Task item » Could you output each line below precisely as it stands, without the images?

Given data »

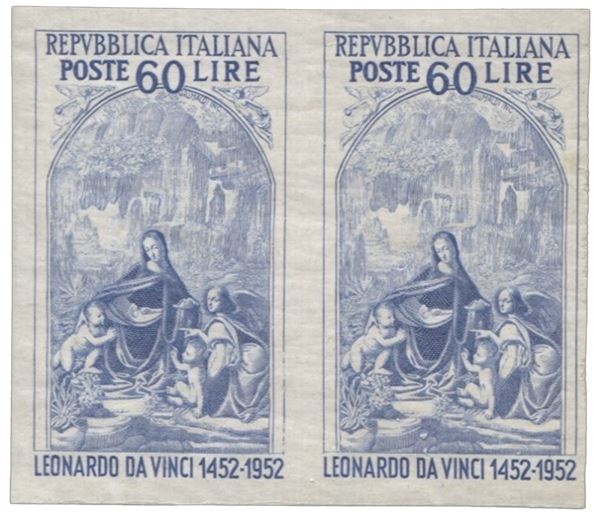 1952 Repubblica - 60 lire Leonardo da Vinci coppia orizzontale non dentellata - cert. ED - (687b)
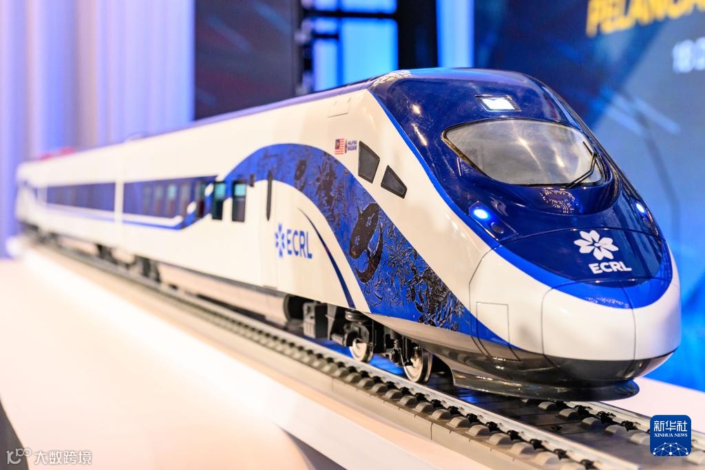 ▲ 这是12月18日在马来西亚普特拉贾亚拍摄的新的动车组模型。新华社发(张纹综摄)
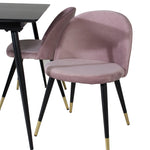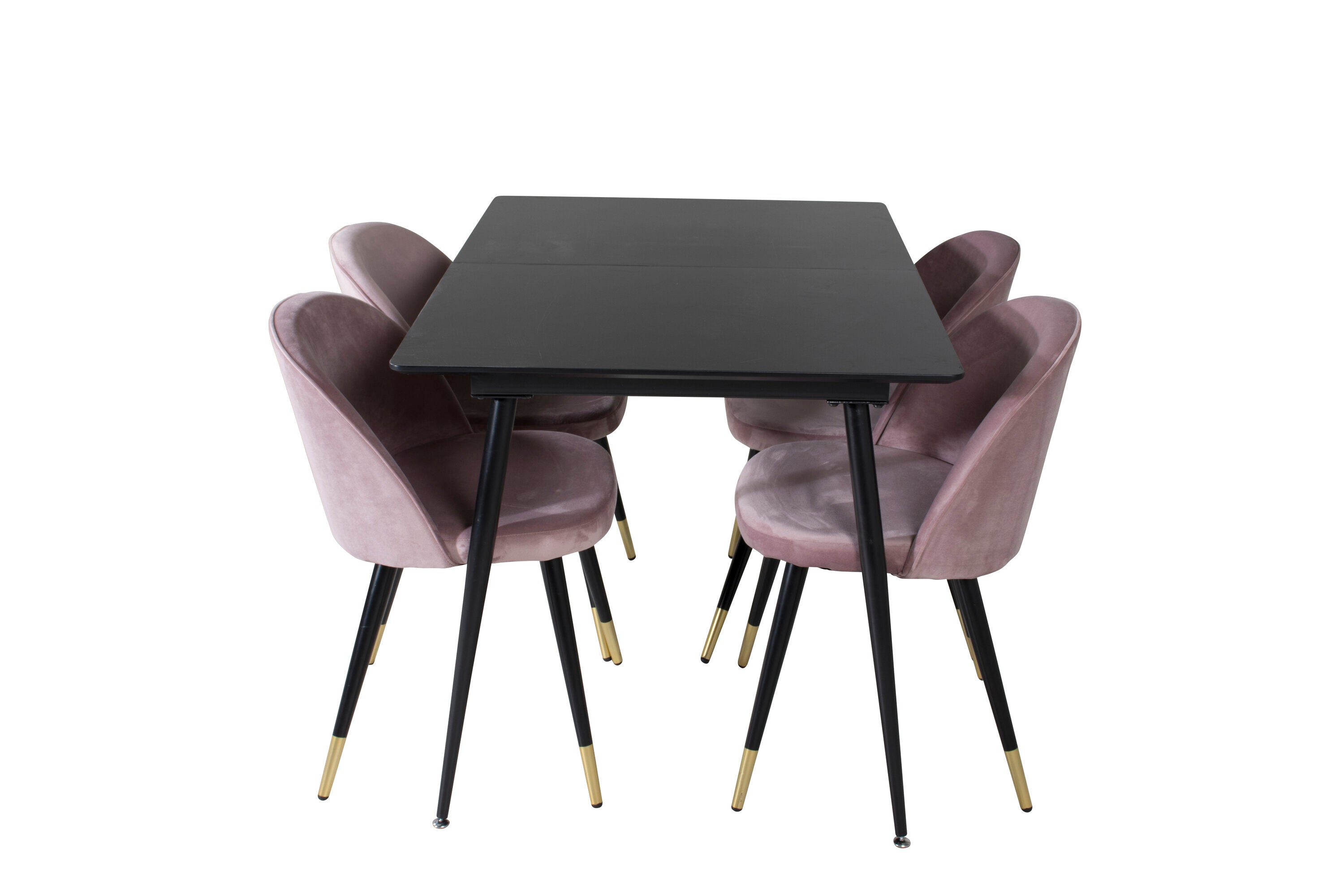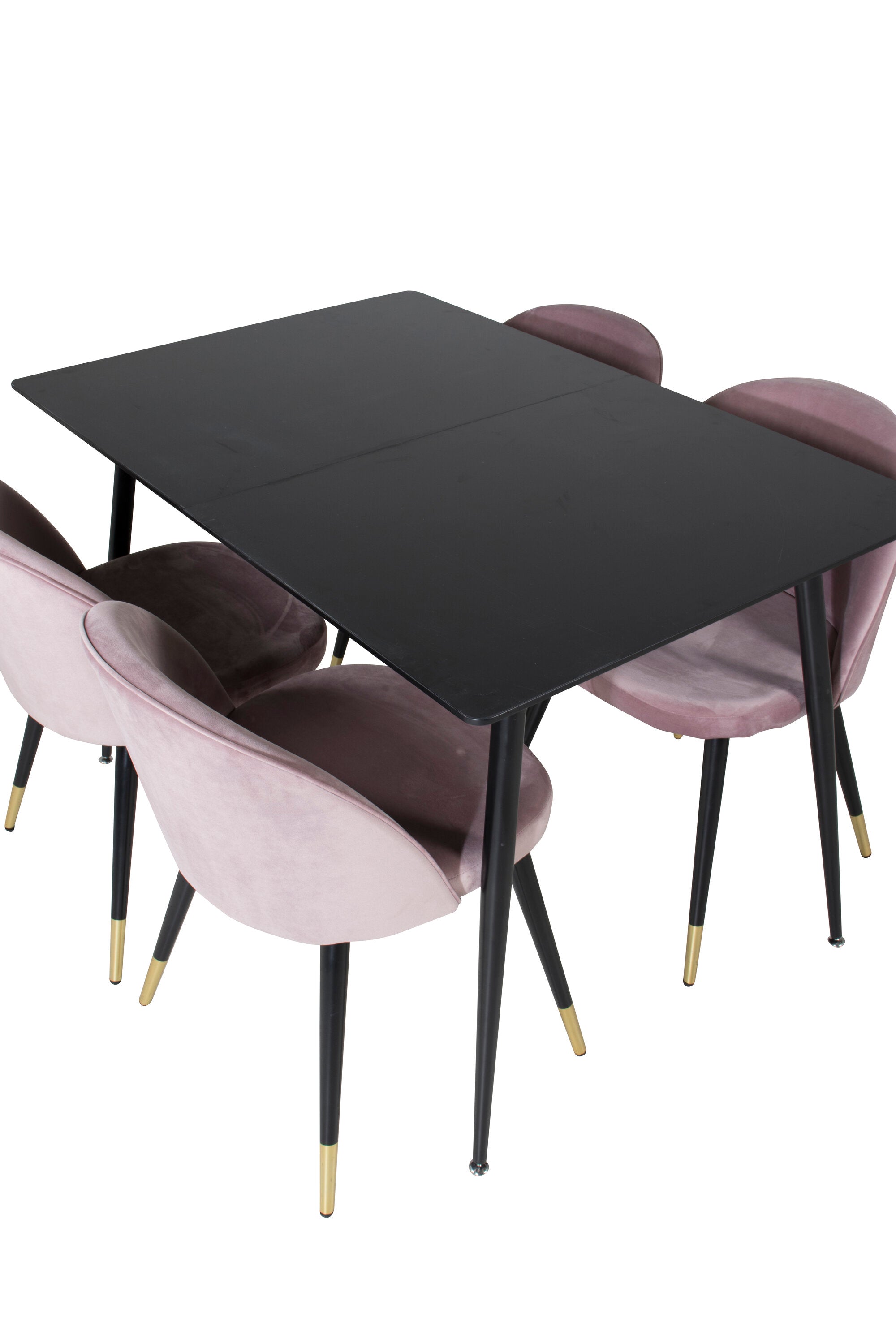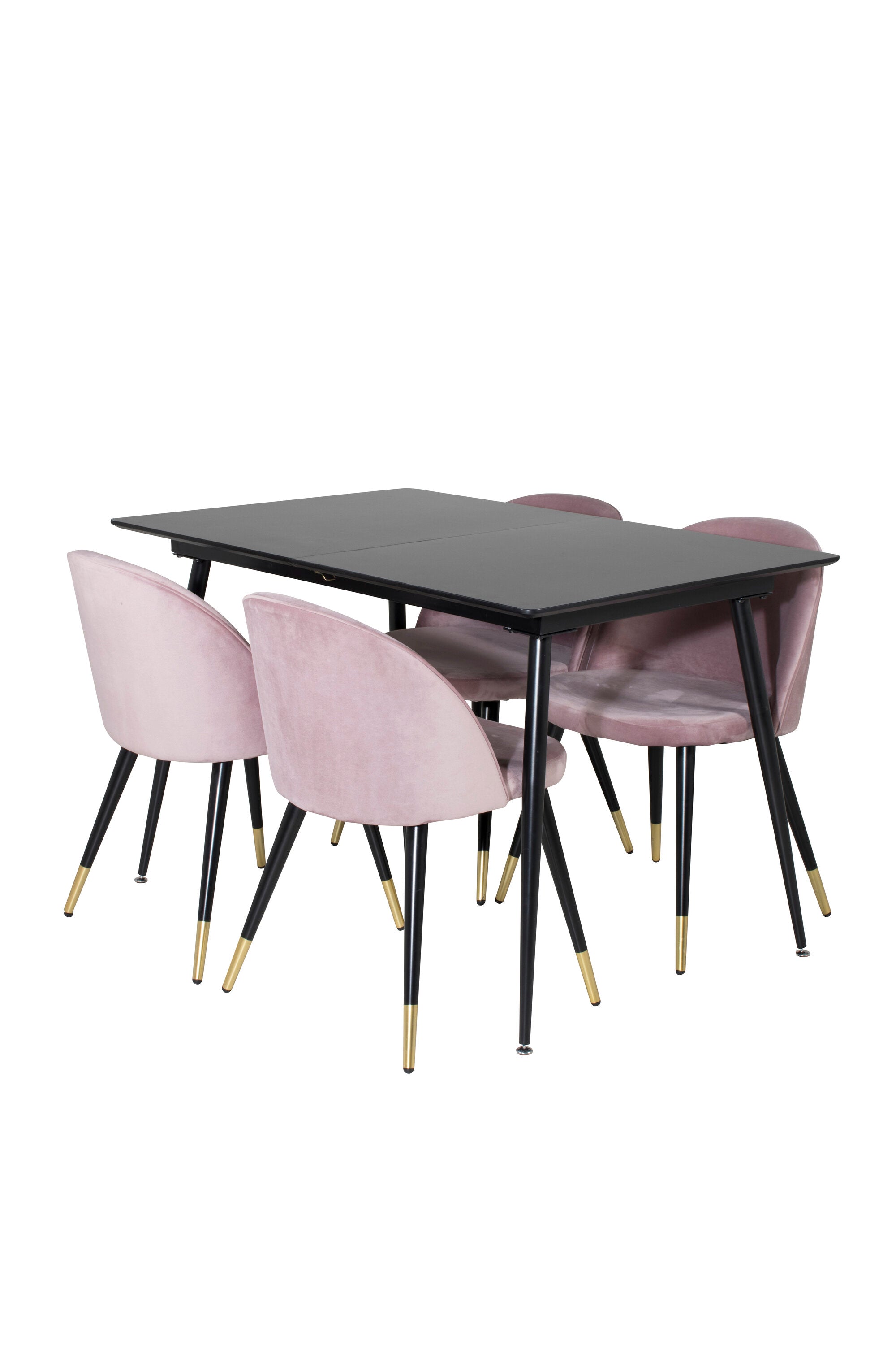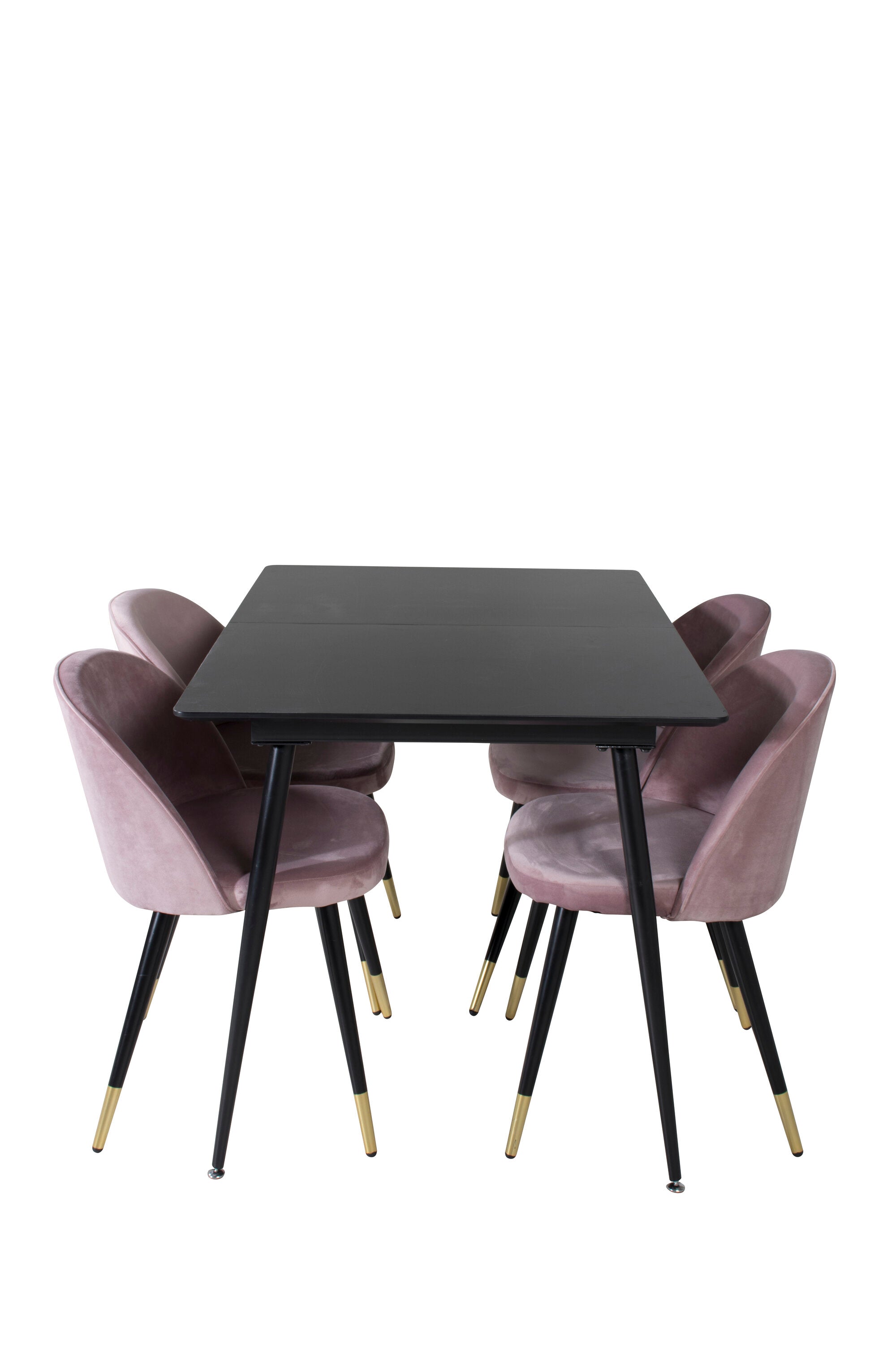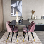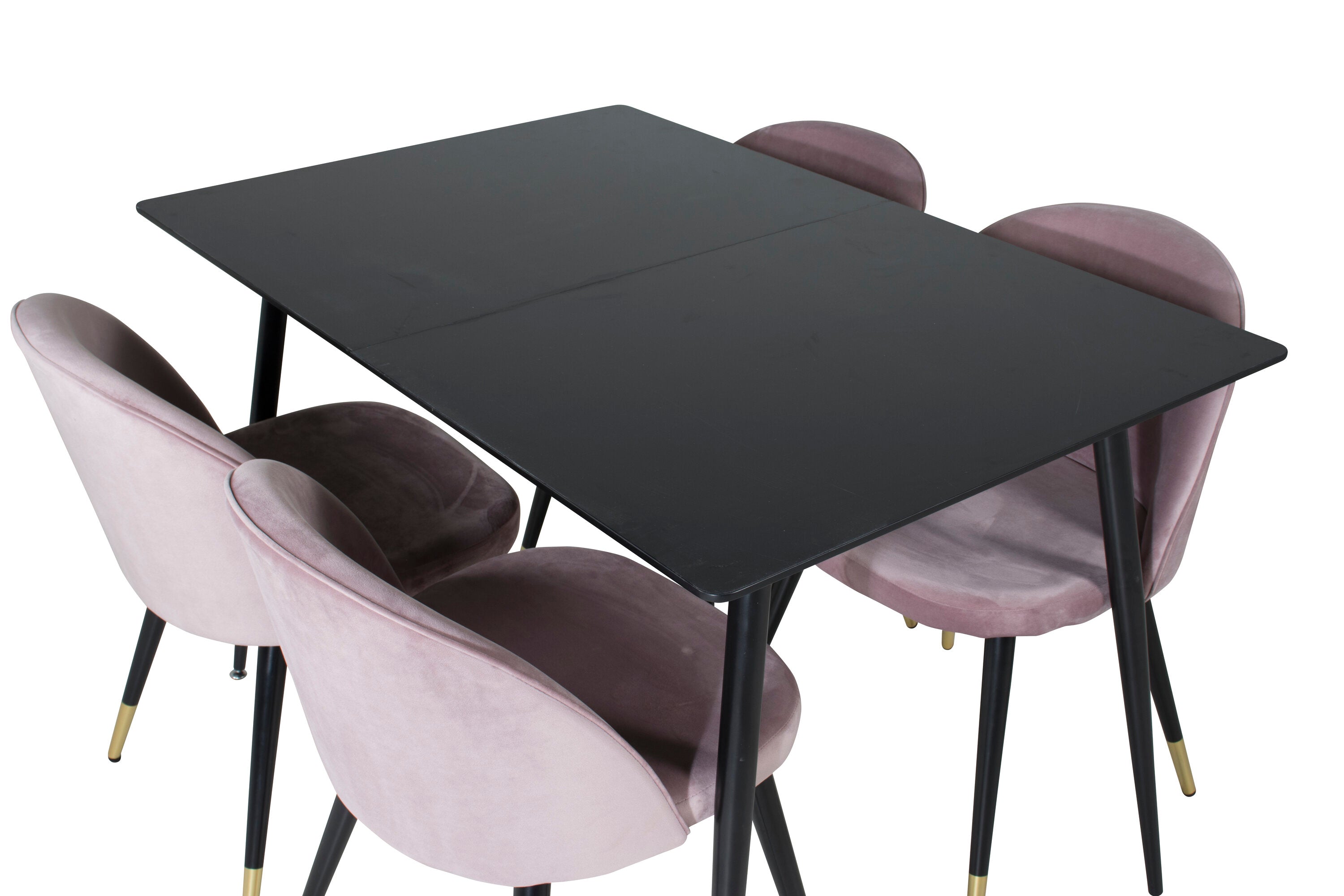 Kombinace různých barev a různých materiálů má obvykle velký úspěch. S naším filtrem na jídelní stůl v černé barvě a našimi pompézními růžovými jídelními židlemi ze sametu ze série Velvet získáte kombinaci - moderní, útulnou a nadčasovou!

Answer to this task »
 1952 Repubblica - 60 lire Leonardo da Vinci coppia orizzontale non dentellata - cert. ED - (687b)
 ▲ 这是12月18日在马来西亚普特拉贾亚拍摄的新的动车组模型。新华社发(张纹综摄)
 Kombinace různých barev a různých materiálů má obvykle velký úspěch. S naším filtrem na jídelní stůl v černé barvě a našimi pompézními růžovými jídelními židlemi ze sametu ze série Velvet získáte kombinaci - moderní, útulnou a nadčasovou!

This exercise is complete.